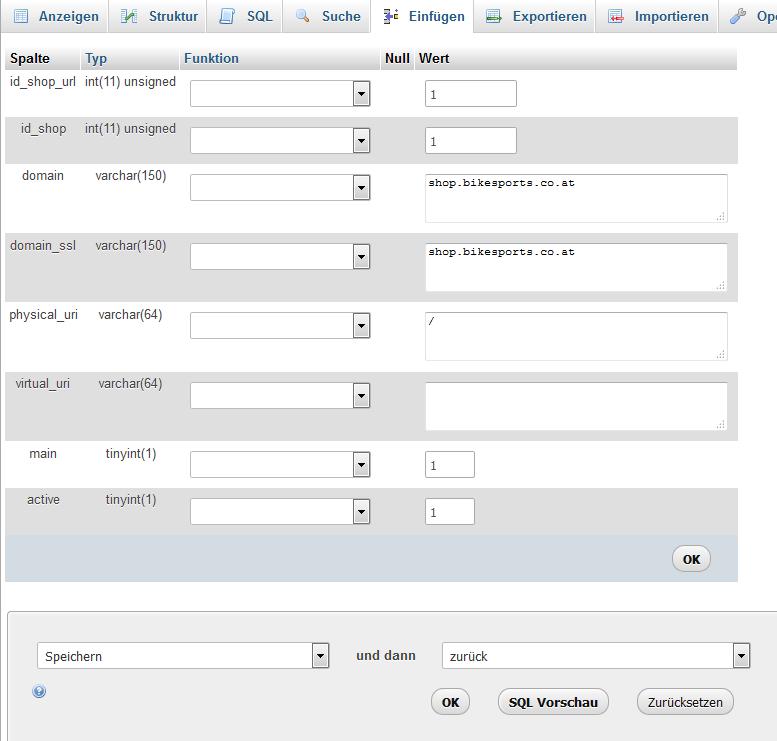 christd Posted June 24, 2016 Author Share Posted June 24, 2016 (edited) servus ... wo soll ich das eingeben!in der tabelle shop_url ist folgender eintrag gesetzt -> siehe bildwenn ich, wie du sagst, ein / nach der Domain einfüge, geht garnix ... krieg dann im Browser die Meldung "Umleitungsfehler" Edited June 24, 2016 by christd (see edit history) Link to comment Share on other sites More sharing options...
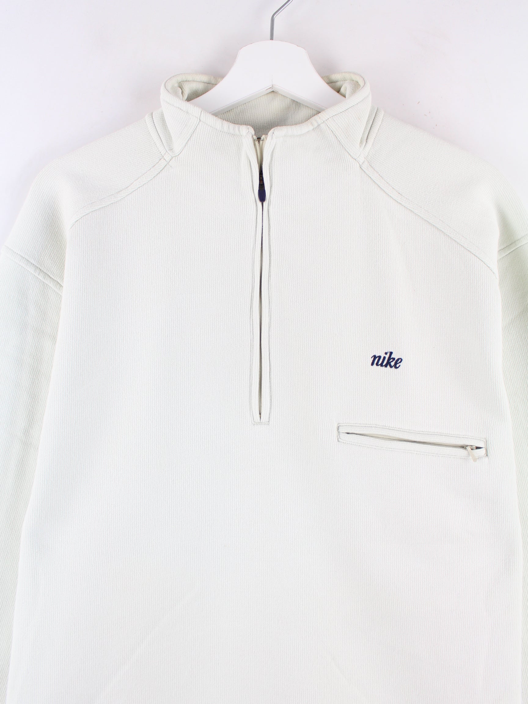 Nike 90s Vintage Embroidered Half Zip Sweater Beige L
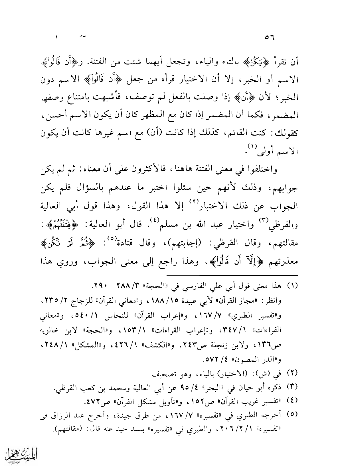 أن تقرأ {يَكُنْ} بالتاء والياء، وتجعل أيهما شئت من الفتنة. و {أَنْ قَالُوا} الاسم أو الخبر، إلا أن الاختيار قرأه من جعل {أَنْ قَالُوا} الاسم دون الخبر؛ لأن {أَنْ} إذا وصلت بالفعل لم توصف، فأشبهت بامتناع وصفها المضمر، فكما أن المضمر إذا كان مع المظهر كان أن يكون الاسم أحسن، كقولك: كنت القائم، كذلك إذا كانت (أن) مع اسم غيرها كانت أن يكون الاسم أولى (¬1).
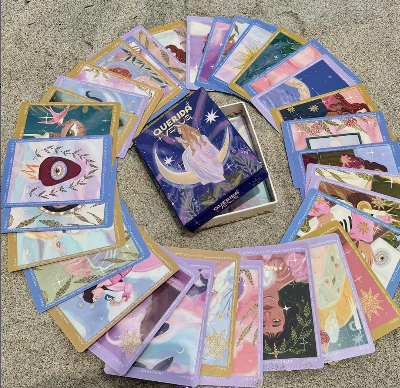 El Oráculo Querida Venus es una herramienta intuitiva creada con amor para acompañarte en procesos de autoconocimiento, inspiración y conexión. Cada carta es una ofrenda visual y simbólica, diseñada para despertar mensajes del alma y abrir espacios de contemplación, creatividad y sanación.
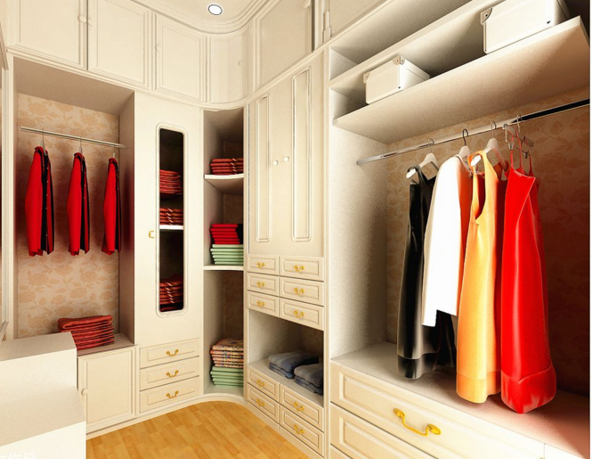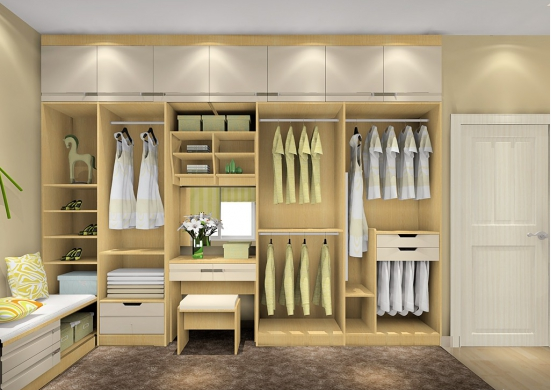 如果有這個(gè)條件,也可以像效果圖里一樣,設(shè)計(jì)一個(gè)小小的衣帽間,尋找于一片自己的小天地。
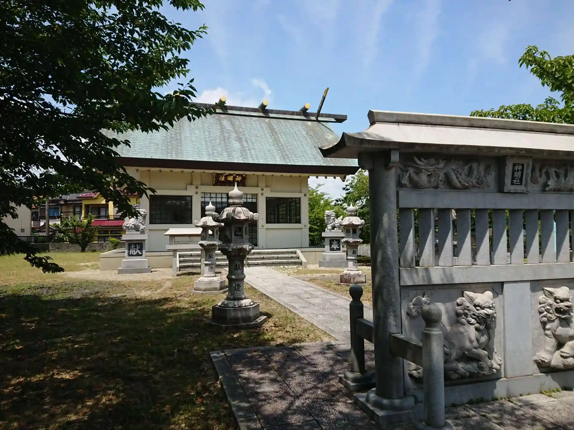 蕃塀の向こうに綺麗な社殿があります。
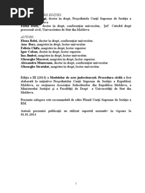 Pdf Modele De Acte Judecătoresti Procedura Civilă Ediţia A Iii A Aleksandr Beryozkin Academia Edu
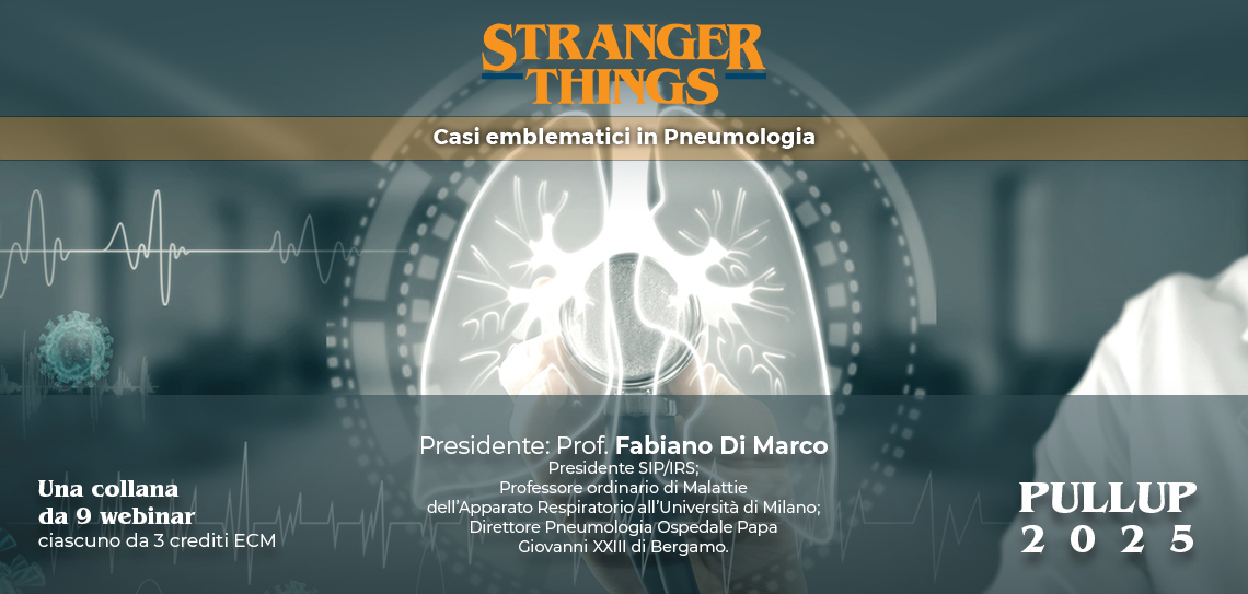 PULL UP – Stranger things: casi emblematici in Pneumologia, è un progetto formativo composto da 9 webinar live, ciascuno da 3 crediti ECM, che ci accompagnerà per tutto l’anno, da marzo a dicembre 2025.
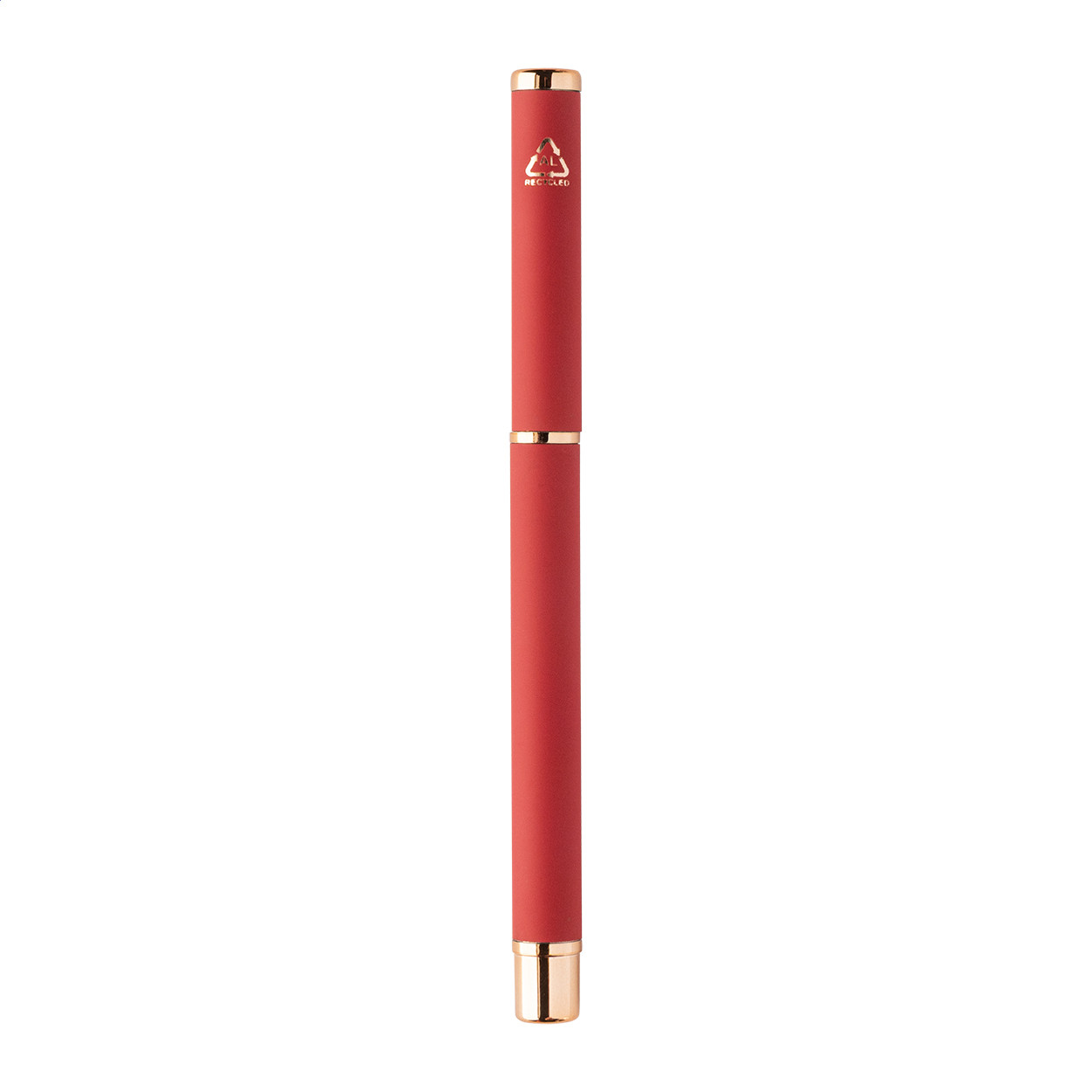 Újrahasznosított alumínium tollszett golyóstollal és rollertollal, gumírozott felülettel és rózsaarany részletekkel. Kék tollbetéttel. Speciális bevonattal a tükörlézeres gravírozáshoz rózsaarany színben. Fekete papír ajándékdobozban. Golyóstoll klipsz alatt - jobbkezes
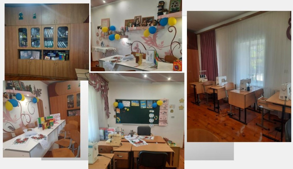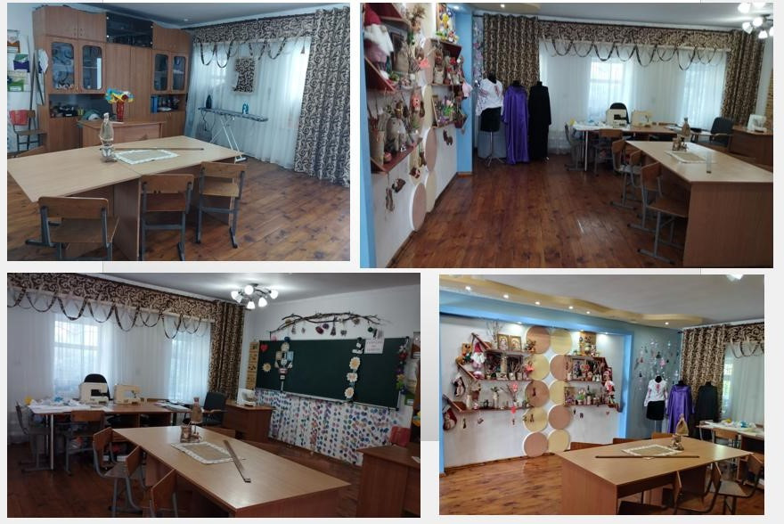 Є 4 майстерні з трудового навчання (шевська майстерня, 2 швейні майстерні, столярна майстерня).
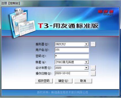 ①选择“开始”|“程序”|“T3企业管理信息化软件”|“T3”|“T3”,或者直接双击桌面“T3”图标,以101主管的身份进入系统,选择账套及操作日期,初始设置的操作日期以月初进入,如下图所示:
....
Where pictures appear, drop them, and reproduce exactly only the lines running from the beginning of the data to the line that contains "Nike 90s Vintage", inclusive.

▶ **WRITTEN ANSWER**:
 christd Posted June 24, 2016 Author Share Posted June 24, 2016 (edited) servus ... wo soll ich das eingeben!in der tabelle shop_url ist folgender eintrag gesetzt -> siehe bildwenn ich, wie du sagst, ein / nach der Domain einfüge, geht garnix ... krieg dann im Browser die Meldung "Umleitungsfehler" Edited June 24, 2016 by christd (see edit history) Link to comment Share on other sites More sharing options...
 Nike 90s Vintage Embroidered Half Zip Sweater Beige L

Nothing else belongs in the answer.